Волошек споткнулся. Ну не возвращаться же теперь, раз ушёл. Вот же дурак! Никто ведь его не гнал, сам решил отступить.
Без особого удовольствия он окунулся где пришлось и вернулся на поляну.
Априкорн продолжал хлопотать над Сейтсманом. Тот невнятно мычал, иногда вскрикивал. Наёмники поглядывали в их сторону с тревогой. Судя по всему, колдун применял интенсивную терапию.
Братья уже сняли котёл с треноги и, выпустив из-под крышки ароматное облачко, позвали народ на обед. Волошек попробовал похлёбку первым и не удержался от похвалы. Братья расцвели, словно впервые в жизни услышали доброе слово.
- Нашу стряпню даже покойный князь не брезговал отведать, - с гордостью заявил Глеб, а Борис, поймав взгляд Волошека, нахмурился.
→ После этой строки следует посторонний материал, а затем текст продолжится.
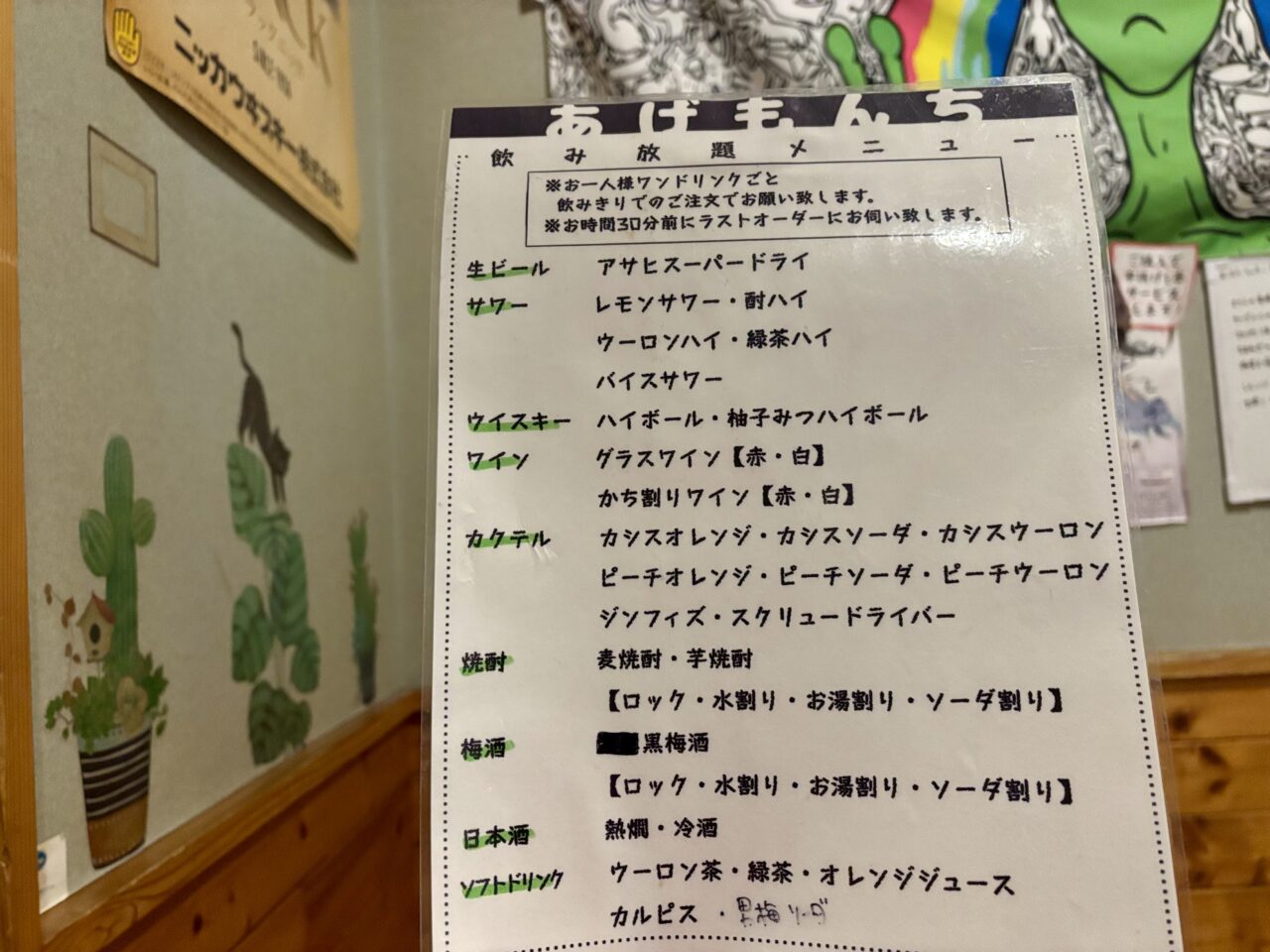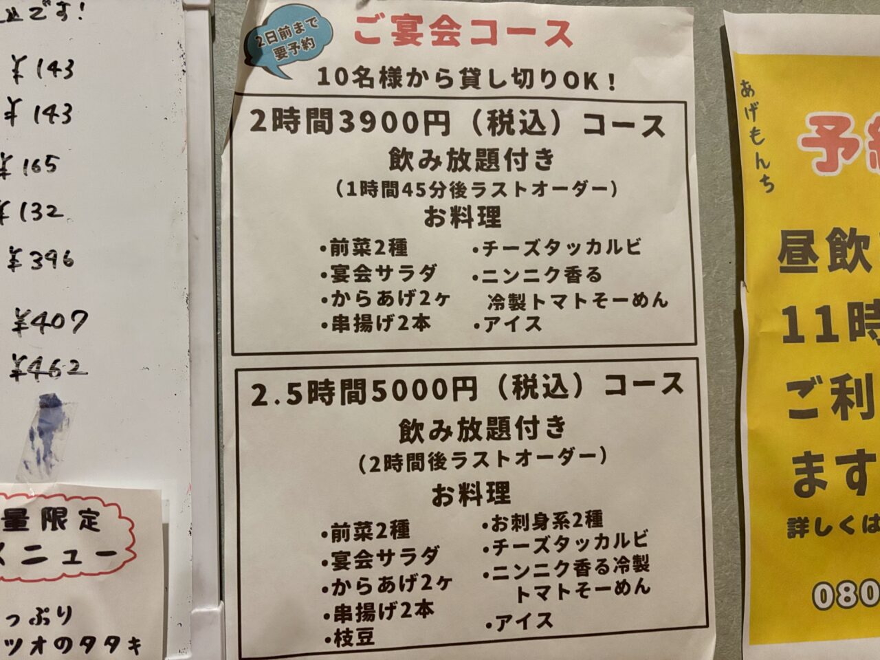 利用したのは、2時間飲み放題付きの宴会コース(3,900円・税込)です。飲み放題は、生ビール、サワー、ウイスキー、ワイン、カクテル、焼酎、梅酒、日本酒、ソフトドリンクなど充実したラインナップでした。
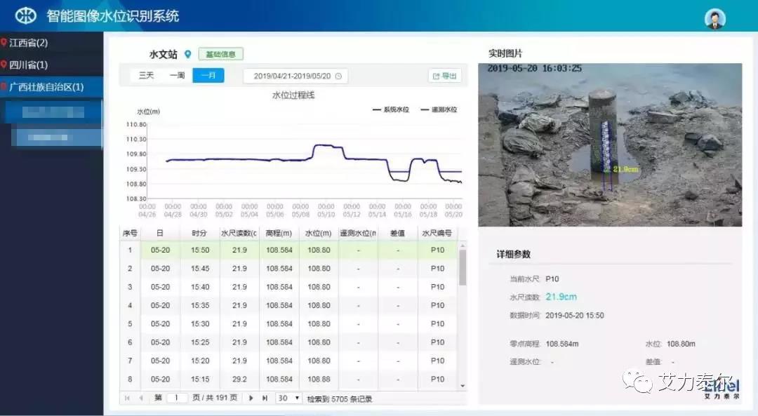 目前,該技術(shù)已經(jīng)在黑龍江、河北、江西、四川、廣西、廣東等地成功應(yīng)用。通過圖像識(shí)別技術(shù)可以實(shí)時(shí)監(jiān)視各測(cè)站情況,定時(shí)抓拍圖片,定時(shí)上傳視頻,并可進(jìn)行水位自動(dòng)識(shí)別和水尺校核,實(shí)現(xiàn)測(cè)站的無人值守、自動(dòng)化采集。該技術(shù)的采用為測(cè)站水位數(shù)據(jù)和現(xiàn)場(chǎng)情況積累了豐富的數(shù)據(jù),得到了用戶的一致認(rèn)可和好評(píng)。此外,該技術(shù)采用AI技術(shù),打破傳統(tǒng)方式測(cè)量水位、水質(zhì)的瓶頸,智能識(shí)別水位、河流流態(tài)、水質(zhì)渾濁度,并實(shí)時(shí)對(duì)采集的信息進(jìn)行智能自動(dòng)判斷、智能分析、智能告警。

- Про нас разговоры идут, дескать, не уберегли мы хозяина, - буркнул он. - Правда это, да только не вся.
- А какая же вся?
- Не человек на него охотился. Сама дева Лыбедь должок явилась взыскать или из слуг её кто. А против такой силы наши мечи - что слону прутики. Черниговский-то князь киевскому двоюродным братом приходится. А дед их общий нагрешил в своё время…
- Голосеевские пруды? - догадался Волошек.
- Они самые, - вздохнул Борис. - На племянника-то напраслину возвели. Он в пыточной сознался во всём, не выдержал расспросов. Ну и нам с Глебом досталось… На всю жизнь прилипло клеймо разинь и неудачников.
- А тот вой, что раздавался ночами, когда мы через Хмарную Сторону шли… мне он знакомым показался, - заметил Волошек.
Борис кивнул.
- От неё это послание, от девы Лыбедь. Не простила нам, что дорогу некогда заступили. С тех пор частенько знаки подаёт. В лесу ещё не так страшно, и вот водоёмов всяких мы всерьёз опасаемся. Помнишь, колодец перед степью? И там её голос стрельнул. Нигде не скрыться от проклятущей!
Разговор увял. Братья занялись раздачей, а Волошек отошёл к повозке, где дремал товарищ, поглядывая вполглаза за корзиной с пивом. После того случая Рыжий решил не выпускать её из виду. Тем более что Сейтсман, потеряв память, стал пиву серьёзной угрозой.
Поедая похлёбку, Волошек слушал, как Андал доставал своего напарника, словно ему не хватало споров во время пути.
- Ну да, вы перворожденные, богом избранные, а мы - так, "пришедшие следом". Мусор. Подонки. Вы говорите, мы внемлем…
- Эту мульку про перворожденных вы же, люди, и сочинили, - огрызнулся Эмельт. - У эльфов не больше прав, чем у всех прочих.
- Конечно! А то, что вы все финансы к рукам прибрали, всю торговлю драгоценностями - это случайность? Где деньги бренчат, так обязательно: …маэли, …риэли, …ельты. Отовсюду ваши острые уши торчат.
- Это мои, что ли? - усмехнулся Эмельт. - То-то и гляжу, золото из мешка сыпется.
- Не твои, ибо в семье не без урода, - не унимался Андал. - Но твоего народца. И откуда вы только взялись в наших лесах? Пришли тихой сапой, хвать, и уже банками распоряжаетесь. Скоро каждый от Великого князя до пропойцы последнего у вас в долговой кабале окажется. Тут-то вы, остроухие бестии, и покажете своё коварство. Мировое господство - вот ваша истинная цель.
Андал рыгнул и заявил:
- Будь моя воля, запретил бы я вашему брату в крупных городах селиться. Да и на деревню не допускал бы мужиков обирать.
- Твоя воля? - рассердился Эмельт. - А нечего было вашим князьям да тиунам носы морщить от ростовщичества. Аристократы хреновы. И мужика вы сами замордовали оброками да налогами. А как эльфы появились, так вдруг озаботились чаяньями народными. Радеть сразу приспичило.
Андал ухмыльнулся, довольный тем, что смог вывести Эмельта из себя, и продолжил:
- Ага. А ещё я читал один древний трактат, в котором приводились достоверные сведения, будто вы, твари преждерожденные, в поганых своих обрядах замешиваете лепёшки на крови человеческих младенцев.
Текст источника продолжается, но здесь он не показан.